In this tutorial, we will walk through the process of creating a sentiment classifier using a Recurrent Neural Network (RNN) in PyTorch. We will be using the IMDB movie reviews dataset for this task, where our model will learn to predict the sentiment of movie reviews as positive or negative.
The RNN architecture is well-suited for sequential data like text because it can capture dependencies between words in a sentence.
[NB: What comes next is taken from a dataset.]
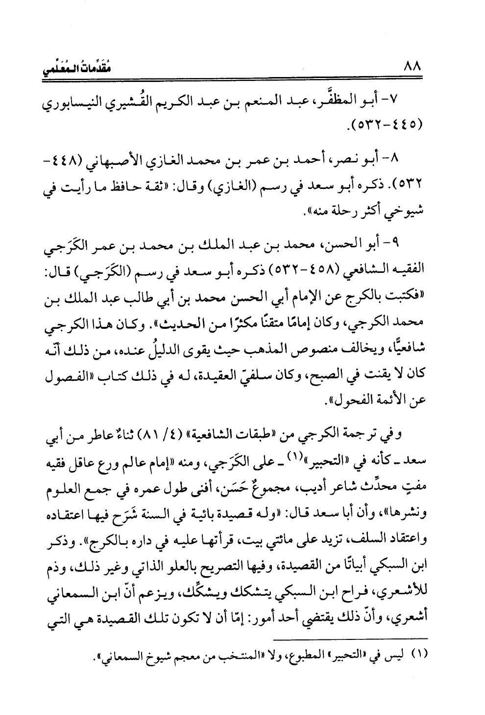 وفي ترجمة الكرجي من "طبقات الشافعية" (٤/ ٨١) ثناءٌ عاطر من أبي سعد ــ كأنه في "التحبير" (¬١) ــ على الكَرَجي، ومنه "إمام عالم ورع عاقل فقيه مفتٍ محدِّث شاعر أديب، مجموعٌ حَسَن، أفنى طول عمره في جمع العلوم ونشرها"، وأن أبا سعد قال: "وله قصيدة بائية في السنة شَرَح فيها اعتقاده واعتقاد السلف، تزيد على مائتي بيت، قرأتها عليه في داره بالكرج". وذكر ابن السبكي أبياتًا من القصيدة، وفيها التصريح بالعلو الذاتي وغير ذلك، وذم للأشعري، فراح ابن السبكي يتشكك ويشكِّك، ويزعم أنّ ابن السمعاني أشعري، وأنّ ذلك يقتضي أحد أمور: إمّا أن لا تكون تلك القصيدة هي التي

We will use a simple RNN architecture with an embedding layer, an RNN layer, and a fully connected layer for classification.
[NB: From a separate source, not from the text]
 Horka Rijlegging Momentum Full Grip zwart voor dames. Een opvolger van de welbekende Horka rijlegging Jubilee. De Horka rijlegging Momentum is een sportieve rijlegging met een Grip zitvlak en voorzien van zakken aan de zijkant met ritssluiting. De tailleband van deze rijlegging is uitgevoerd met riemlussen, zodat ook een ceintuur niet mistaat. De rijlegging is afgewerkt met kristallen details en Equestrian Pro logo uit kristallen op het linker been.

Let’s get started by importing the necessary libraries:
import torch
import torch.nn as nn
import torch.optim as optim
from torchtext.legacy import data
from torchtext.legacy import datasets
Next, we will define the batch size and seed for reproducibility:
BATCH_SIZE = 64
SEED = 1234
torch.manual_seed(SEED)
torch.backends.cudnn.deterministic = True
Now, let’s load the IMDB dataset and define the fields for our text and label:
TEXT = data.Field(tokenize='spacy', lower=True)
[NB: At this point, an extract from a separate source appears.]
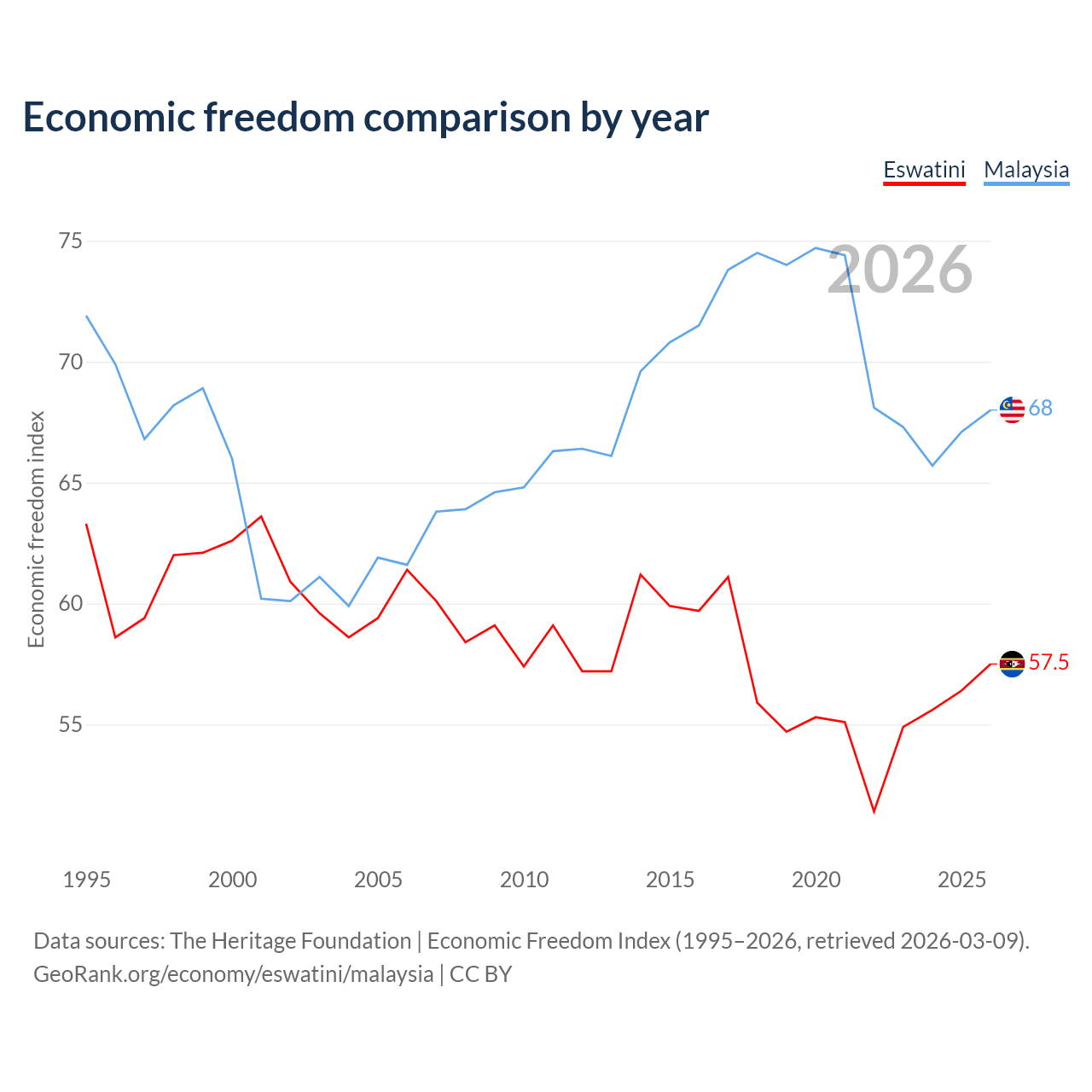 The Economic Freedom Index for Eswatini is 57.5, ranking 116/197, compared to 68 for Malaysia, ranking 51/197. The chart above displays a comparison of annual changes in economic freedom indexes.

LABEL = data.LabelField(dtype=torch.float)
train_data, test_data = datasets.IMDB.splits(TEXT, LABEL)
We will split the training data into training and validation sets and build the vocabulary:
train_data, valid_data = train_data.split(random_state=random.seed(SEED))
TEXT.build_vocab(train_data, max_size=25000, vectors="glove.6B.100d", unk_init=torch.Tensor.normal_)
LABEL.build_vocab(train_data)
Next, we will create the iterators for the training, validation, and test sets:
device = torch.device('cuda' if torch.cuda.is_available() else 'cpu')
train_iterator, valid_iterator, test_iterator = data.BucketIterator.splits(
(train_data, valid_data, test_data),
batch_size=BATCH_SIZE,
device=device)
Now, let’s define our RNN model:
class RNN(nn.Module):
def __init__(self, input_dim, embedding_dim, hidden_dim, output_dim):
super().__init__()
self.embedding = nn.Embedding(input_dim, embedding_dim)
self.rnn = nn.RNN(embedding_dim, hidden_dim)
self.fc = nn.Linear(hidden_dim, output_dim)
def forward(self, text):
embedded = self.embedding(text)
output, hidden = self.rnn(embedded)
assert torch.equal(output[-1,:,:], hidden.squeeze(0))
return self.fc(hidden.squeeze(0))
Now, let’s instantiate the model and define the hyperparameters:
INPUT_DIM = len(TEXT.vocab)
EMBEDDING_DIM = 100
HIDDEN_DIM = 256
OUTPUT_DIM = 1
model = RNN(INPUT_DIM, EMBEDDING_DIM, HIDDEN_DIM, OUTPUT_DIM).to(device)
optimizer = optim.SGD(model.parameters(), lr=1e-3)
criterion = nn.BCEWithLogitsLoss()
Next, we will define functions for training and evaluation:
def train(model, iterator, optimizer, criterion):
model.train()
epoch_loss = 0
for batch in iterator:
optimizer.zero_grad()
predictions = model(batch.text).squeeze(1)
loss = criterion(predictions, batch.label)
loss.backward()
optimizer.step()
epoch_loss += loss.item()
return epoch_loss / len(iterator)
def evaluate(model, iterator, criterion):
model.eval()
epoch_loss = 0
with torch.no_grad():
for batch in iterator:
predictions = model(batch.text).squeeze(1)
loss = criterion(predictions, batch.label)
epoch_loss += loss.item()
return epoch_loss / len(iterator)
Now, let’s train the model and evaluate it on the validation set:
N_EPOCHS = 5
best_valid_loss = float('inf')
for epoch in range(N_EPOCHS):
train_loss = train(model, train_iterator, optimizer, criterion)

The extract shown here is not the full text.